The Acquisition of Morphology.
 The child’s acquisition of morphology provides some of the clearest evidence of rule learning. Children’s errors inflectional morphology reveals that the child acquires the regular rules of the grammar and then over applies them. This overgeneralization occurs when children treat irregular verbs and nouns as if they were regular. We have probably all heard children say bringed, drawed, and runned, or foots mouses, and sheeps. These mistakes tell us much about how children learn language because such forms could not arise through imitation.

The Acquisition of Syntax.
Children mature at different rates and the age at which children start to produce words and put words together varies, chronological age is not a good measure of a child’s language development. Instead, researches use the child’s mean length of utterances (MLU) to measure progress. MLU is the average length of the utterances the child is producing at a particular point. MLU is usually measured in terms of morphemes, so words like boys, danced, and crying each have a value of two (morphemes). In order to apply morphological and syntactic rules the child must know what syntactic categories the words in his language belong to. In semantic bootstrapping the child may have rules such as “if a word refers to a physical object, it’s a noun” or “if a word refers to an action, it’s a verb”, and so on. Word Frames may also help the child to determine when words belong to the same category. During the telegraphic stage, the child produces longer sentences that often lack function or grammatical morphemes.

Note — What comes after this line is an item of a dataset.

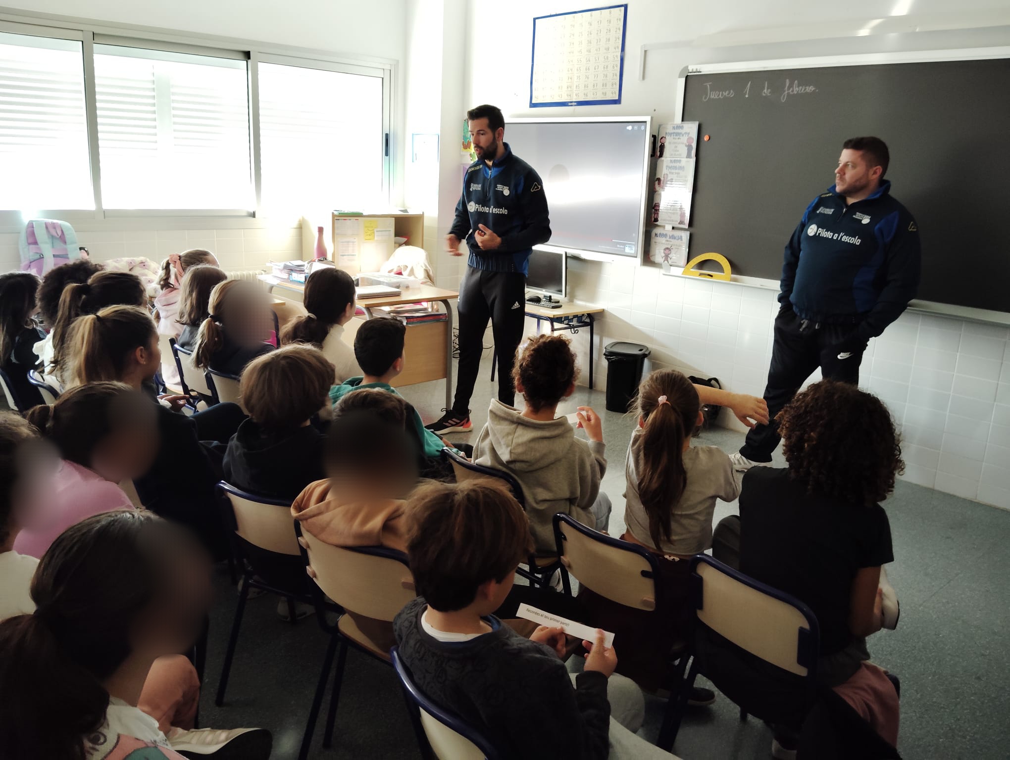 Aquest dijous 1 de febrer l’alumnat de 4t de Primària ha rebut la visita de dos jugadors professionals de pilota valenciana. Hem pogut conèixer de primera mà més detalls d’aquest esport, curiositats, els hem fet una entrevista i també ens han ensenyat i ens han donat consells per jugar millor a les modalitats de raspall i al frontó.

The Acquisition of Pragmatics.
Children do not always respect the pragmatic rule for articles. Implicatures are another part of pragmatics that young children have difficulty with. It may take a child several months or years to master those aspects of pragmatics that involve the felicitous use of determiners and pronouns, or the conversational maxims which when violated(usually purposely) result in implicatures. Other aspects of pragmatics are acquired very early.